Пастернак – Цветаева – Рильке - Екатерина Зотова
Шрифт:
Интервал:
Закладка:
Времена и впрямь были не самые благоприятные для откладывания встреч на будущее. Но даже по тому, что Цветаева тщательно прячется за реалии этого времени, чувствуется, как страстно жаждет она свидания, не «потустороннего», а самого что ни на есть земного.
В этом противоречии – стержень цветаевской энергетики: с отрочества устремленная к «тому» свету, верящая снам и фантазиям больше, чем самым точным фактам, она не в силах была ограничиться только его дарами. Цветаеву переполняет жажда жизни, признания, взаимопонимания… Она непременно хочет иметь в руках вещественное доказательство расположения Пастернака и просит его подарить ей на Рождество Библию, «немецкую, непременно готическим шрифтом», прибавляя: «Буду возить ее с собой всю жизнь» (ЦП, 27).
Ответ Бориса Леонидовича, снова запоздавший на пару месяцев, был явно «не про то». Большую его часть занимает восторженный анализ присланной ему Цветаевой поэмы «Царь Девица». А в конце – странная приписка:
«Это письмо лежит у меня более месяца. <…> Вероятно, в заключенье мне хотелось, как говорится, вывернуть перед Вами свою душу, а это, по счастью, никогда не удается. <…> Тяжело мне, ах как тяжело. И ведь бо́льшая часть моей жизни прошла так, и кажется, – нет, зачем же так, лучше прямо сказать: – и вижу, так пройдет вся остальная» (ЦП, 29).
Цветаева поймет эти строки как намек на сомнения в творческих силах, о которых Пастернак упоминал в предыдущем письме, и примется горячо убеждать его в обратном. Одно за другим она пишет два больших письма (второе посвящено впечатлениям от только что вышедшей и присланной ей книги «Темы и вариации»).
«Пастернак!
Вы первый поэт, которого я – за жизнь – вижу, – так начинается первое из них. – Вы первый поэт, в чей завтрашний день я верю, как в свой. Вы первый поэт, чьи стихи меньше его самого, хотя больше всех остальных“ (ЦП, 33). А дальше следует почти любовное признание: „Последний месяц этой осени я неустанно провела с Вами, не расставаясь, не с книгой. Я одно время часто ездила в Прагу, и вот, ожидание поезда на нашей крохотной сырой станции. Я приходила рано, в сумерки, до фонарей. Ходила взад и вперед по темной платформе – далеко! И было одно место – фонарный столб – без света, сюда я вызывала Вас. – «Пастернак!» И долгие беседы бок-о́-бок – бродячие. В два места я бы хотела с Вами: в Веймар, к Goethe, и на Кавказ (единственное место в России, где я мыслю Goethe!)» (ЦП, 35).

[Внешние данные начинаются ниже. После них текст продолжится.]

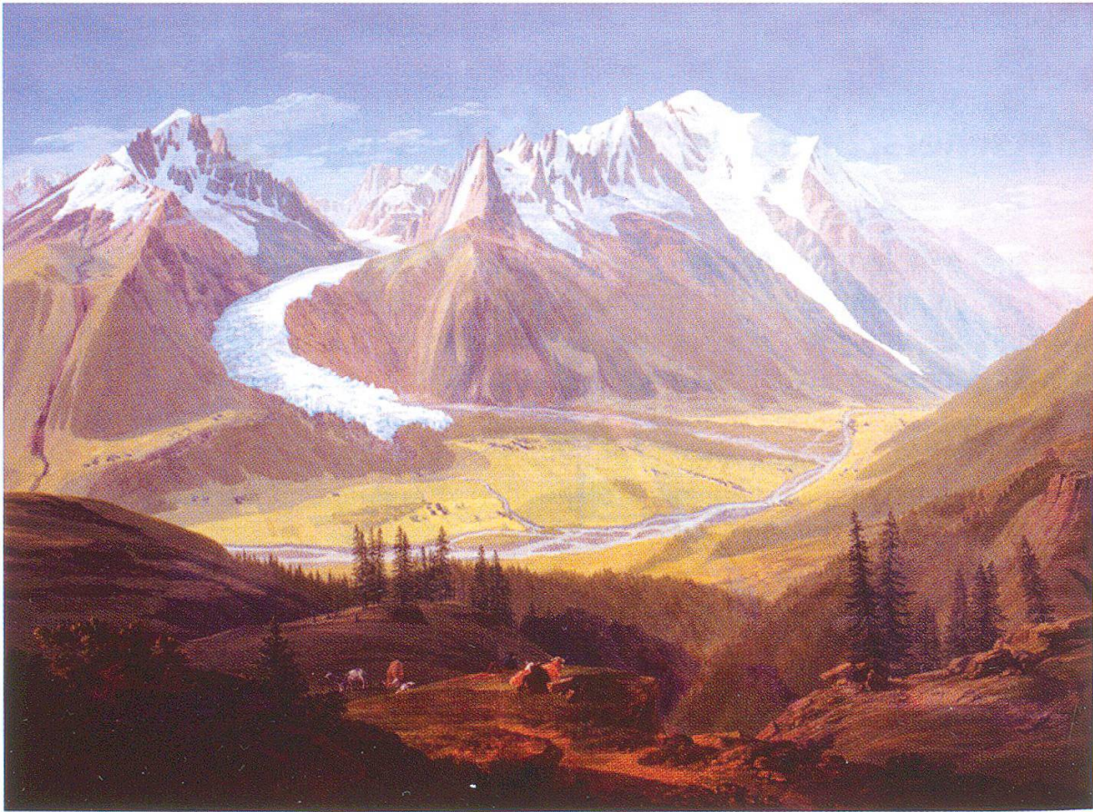
Abbildung 1: Chamonix-Tal mit vorstossendem Mer de Glace, dargestellt von Jean-Antoine Linck («La chaîne du Mont-Blanc vue de la Flégère»); gezeichnet in der Mitte unten «In Ante Linck fec.»; Wasserfarbe und Gouache; 62.0 x 85.5 cm; Musée d'art et d'histoire, Genève, Inv. Nr. 1915-75; Photo H.J. Zumbühl).

programmen als «unique demonstration objects»: auch ohne akademische Bildung können die Veränderungen visuell wahrgenommen und in ihren physikalischen Grundprinzipien – Schneefall und Schmelzen von Schnee und Eis in direkter Abhängigkeit von atmosphärischen Gegebenheiten – qualitativ verstanden werden. Die Aufgabe wissenschaftlicher Programme ist es, quantitative Daten zu liefern, eine Übersicht über die Entwicklung in Zeit und Raum zu vermitteln und Szenarien für die Zukunft als Grundlagen für politische Entscheide zu entwerfen. Solche Szenarien zeigen klar, dass es den Gletschern gar nicht gut geht, ja mancherorts sogar ihr Ende absehbar wird.

Марина Ивановна предельно искренна, она дотошно фиксирует каждое изменение чувства. Вот ей кажется, что наваждение спало. («Рассказываю, потому что прошло». ) И тут же – обратное утверждение: «И всегда, всегда, всегда, Пастернак, на всех вокзалах моей жизни, у всех фонарных столбов моих судеб, вдоль всех асфальтов, под всеми „косыми ливнями“ – это будет: мой вызов, Ваш приход» (ЦП, 35). В черновике этих строк нет, зато после «все прошло» следует еще более красноречивое: «Нет, впрочем, лгу!» (ЦП, 31)…
Итак, Цветаева-поэт продолжает уверенно творить свой миф о Пастернаке, поскольку на собственном опыте изучила силу парадоксальной реальности фантазий. Более того, стремится убедить его в том, что все, сказанное ею, – правда. И действительно, она с поразительной точностью угадывает основополагающие черты творческой личности Бориса Леонидовича. Например, такую: «…Ваша страсть к словам – только доказательство, насколько они для Вас средство. Страсть эта – отчаяние сказать» (ЦП, 39). Откуда ей знать, что над проблемой точного выражения своего понимания мира он бился с ранней юности и будет биться до последнего дня?.. Еще одна догадка:
«А знаете, Пастернак, Вам нужно писать большую вещь. Это будет Ваша вторая жизнь, первая жизнь, единственная жизнь» (ЦП, 40).
Чем не формула «Доктора Живаго», до начала работы над которым еще двадцать с лишним лет? Впрочем, есть и более близкие по времени доказательства цветаевской прозорливости. В начале 1923 года в Берлине Пастернак пытается продолжить повесть «Детство Люверс», а затем, до начала 30-х годов, напишет три поэмы, роман в стихах «Спекторский» и автобиографическую прозу «Охранная грамота».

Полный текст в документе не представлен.